Would you please restate the data exactly as it stands, apart from the pictures?

Data excerpts
/---

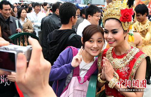 图为游客与泰国舞者合影留念。中新社发 汤彦俊 摄
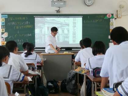 6月12日(火)3限目に3年生の社会の授業で、教育実習生の研究授業を行いました。大勢の先生方が参観に来られたので、実習生はかなり緊張して授業をしていました。でもさすがは3年生、積極的に手を挙げるなど助け船を出していました。明日は、時間割変更で木曜日の時間割、3年生は文楽鑑賞に出かけます。生徒の皆さんは、忘れ物をしないように注意してください。
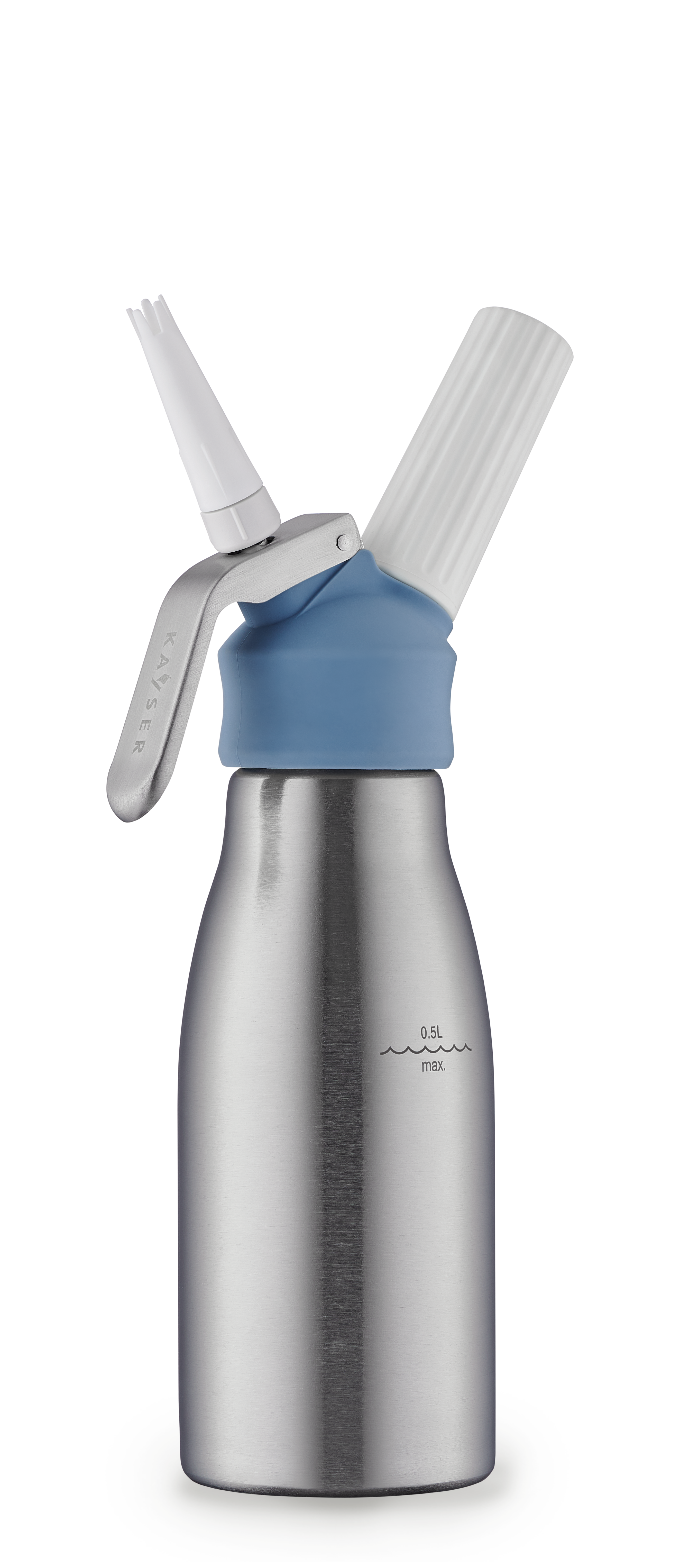 Stylische Schlagsahne-Flasche Kayser WHIPcreamer Harmony 0,5 l in eleganter Blauton vereint Spitzenqualität, Sicherheit und schönes Design – ideal für perfekt luftig geschlagene Schlagsahne und moderne Schaum.
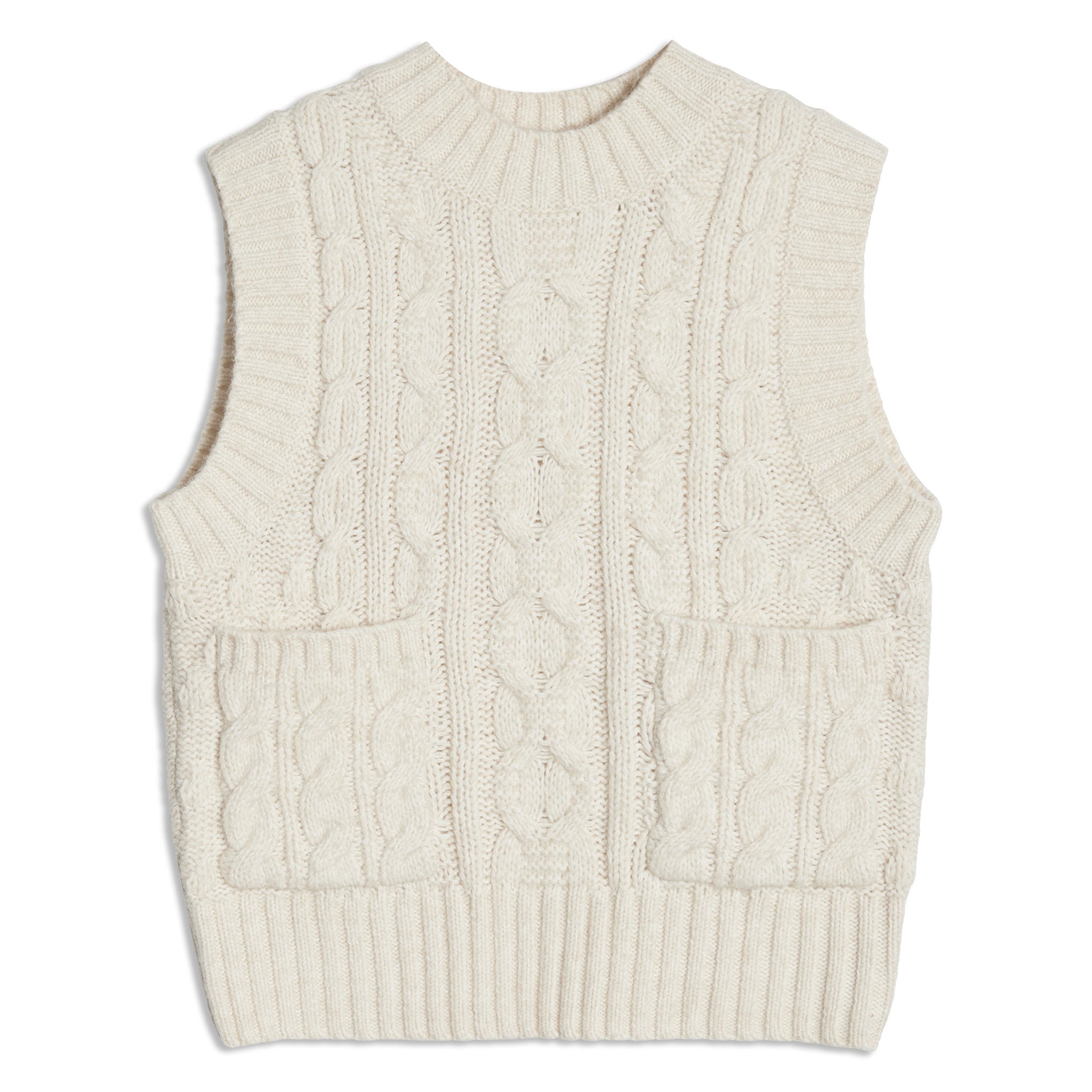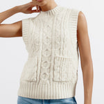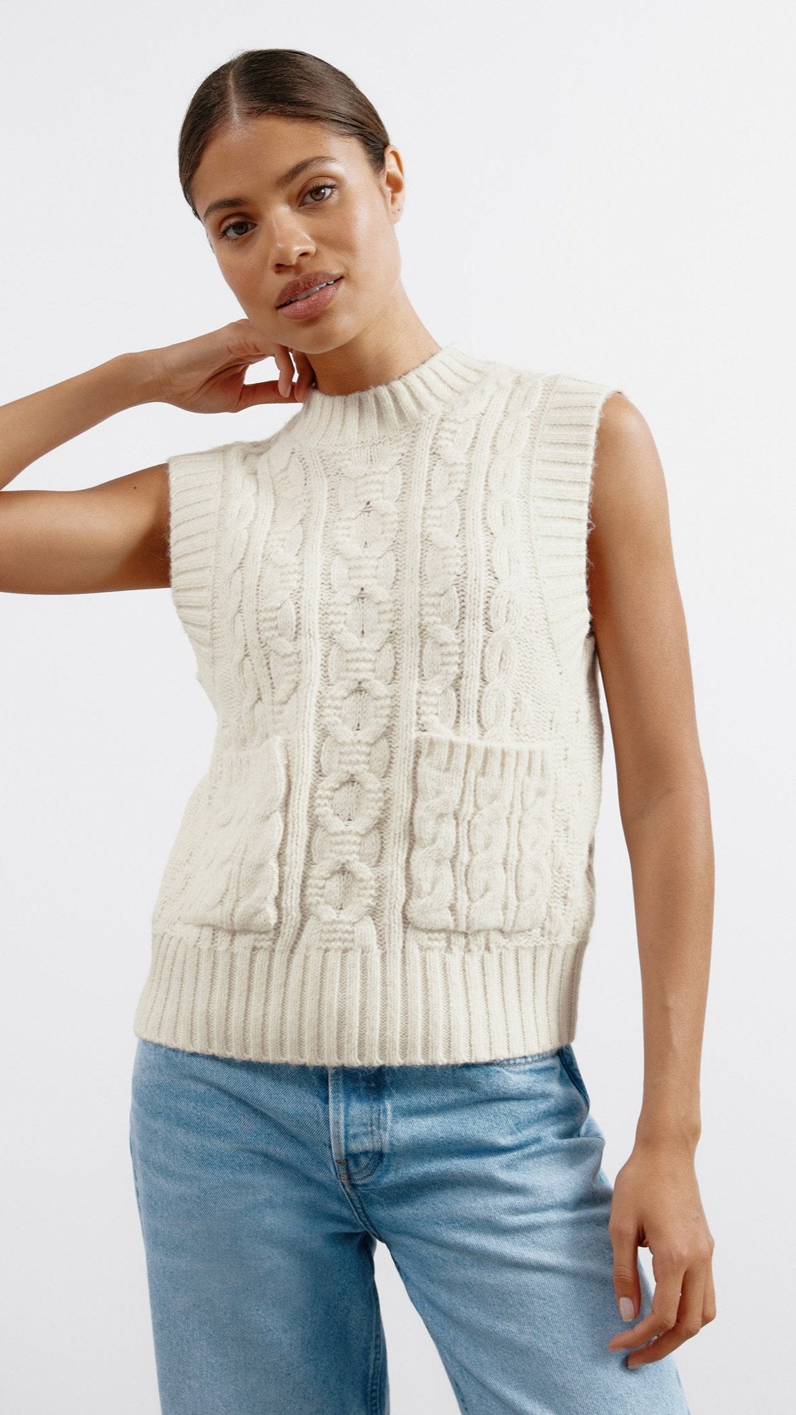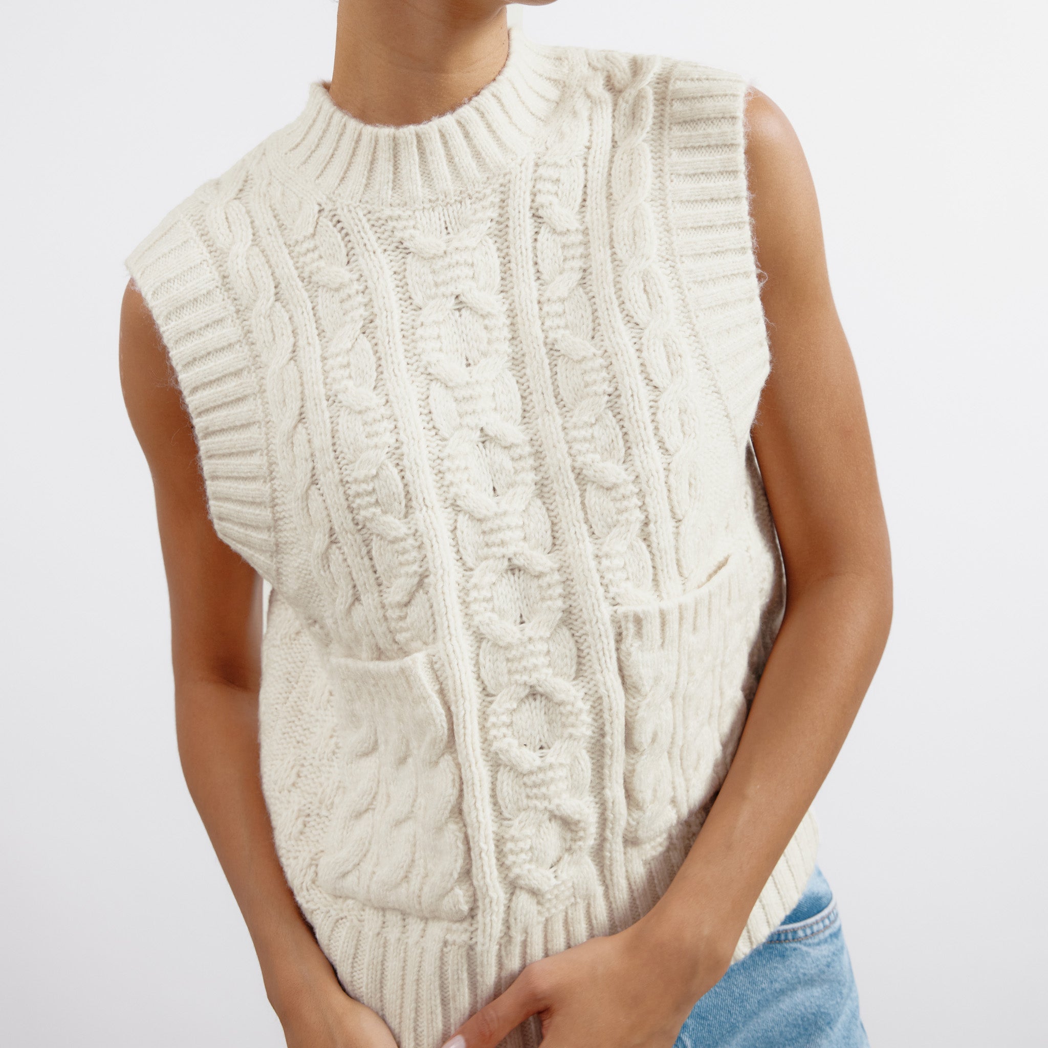 Stay cozy and stylish with the Cream Cable Pocket Tank by Albaray. This knitted tank boasts a classic cable pattern and ribbed trims, along with two patch pockets for added convenience.
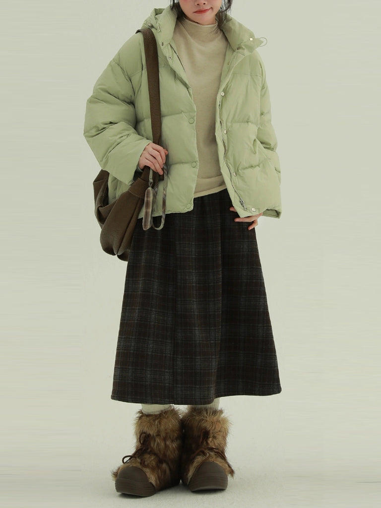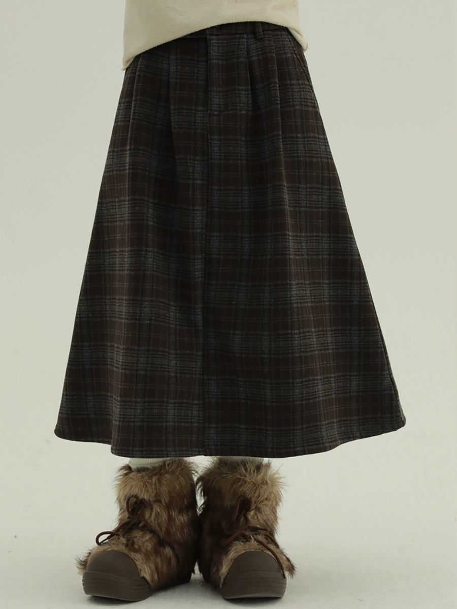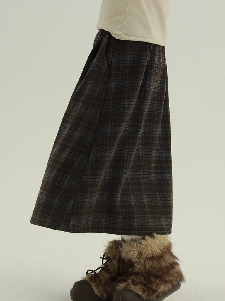 Women Winter Fleece-lined Plaid A-Shape Skirt

\---

▶ _EXERCISE RESULT_
 图为游客与泰国舞者合影留念。中新社发 汤彦俊 摄
 6月12日(火)3限目に3年生の社会の授業で、教育実習生の研究授業を行いました。大勢の先生方が参観に来られたので、実習生はかなり緊張して授業をしていました。でもさすがは3年生、積極的に手を挙げるなど助け船を出していました。明日は、時間割変更で木曜日の時間割、3年生は文楽鑑賞に出かけます。生徒の皆さんは、忘れ物をしないように注意してください。
 Stylische Schlagsahne-Flasche Kayser WHIPcreamer Harmony 0,5 l in eleganter Blauton vereint Spitzenqualität, Sicherheit und schönes Design – ideal für perfekt luftig geschlagene Schlagsahne und moderne Schaum.
 Stay cozy and stylish with the Cream Cable Pocket Tank by Albaray. This knitted tank boasts a classic cable pattern and ribbed trims, along with two patch pockets for added convenience.
 Women Winter Fleece-lined Plaid A-Shape Skirt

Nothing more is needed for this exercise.